Refinement and Validation of an Artificial Intelligence Pipeline for Robust Greater Caribbean Manatee Detection and Acoustic Individual Counting

The Greater Caribbean manatee is classified as vulnerable, yet the lack of data related to population status in the Costa Rican Caribbean severely hinders conservation policy due to limited ecological knowledge. This study aims to address this challenge by refining a pipeline for the automated manatee count method to enhance classification robustness and efficiency for accurate spatial and temporal density estimation. The bioacoustics analysis consists of a deep learning manatee call detector and an unsupervised individual manatee counting. Methodologically, we implemented an offline feature extraction strategy to avoid a substantial initial computational bottleneck, measured at almost 13h, required to convert 43,031 audio samples into labeled images. To mitigate the high risk of overfitting associated with class imbalance, common in bioacoustic databases, a bootstrapping method was applied post-data splitting, generating a labeled dataset of 100,000 spectrograms.
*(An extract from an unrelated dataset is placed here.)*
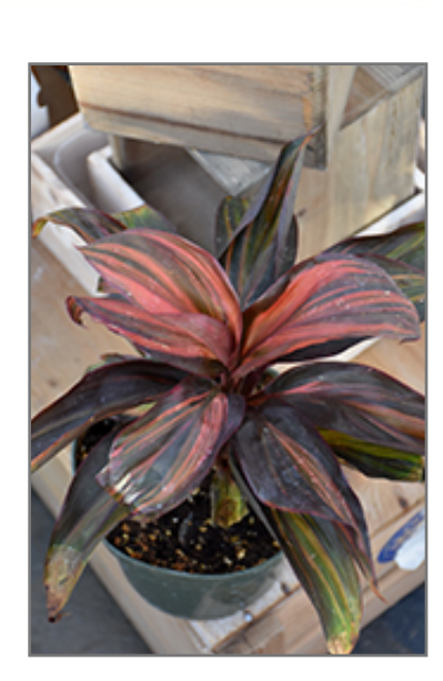
Cherry Cordial Hawaiian Ti Plant in full

Cherry Cordial Hawaiian Ti Plant is primarily valued in the home for its ornamental upright and spreading habit of growth. Its attractive crinkled oval leaves emerge dark red, turning burgundy in color with showy cherry red variegation and tinges of olive green throughout the year.

Transfer learning with the VGG-16 architecture yielded superior results, achieving a robust mean 10-fold cross-validation accuracy of 98.94% (±0.10%) and normalized F1-scores of 0.99. Furthermore, this optimized fine-tuning was rapidly executed in just 22min and 36s. Subsequently, the unsupervised individual manatee counting utilized k-means clustering on the top three music information retrieval descriptors along with dimensionality reduction, successfully segregating detected calls into three acoustically distinct clusters, likely representing three individuals. This performance was validated by a silhouette coefficient of 79.03%. These validated results confirm the refined automatic manatee count method as a robust and scalable framework ready for deployment on Costa Rican passive acoustic monitoring data to generate crucial scientific evidence for species conservation.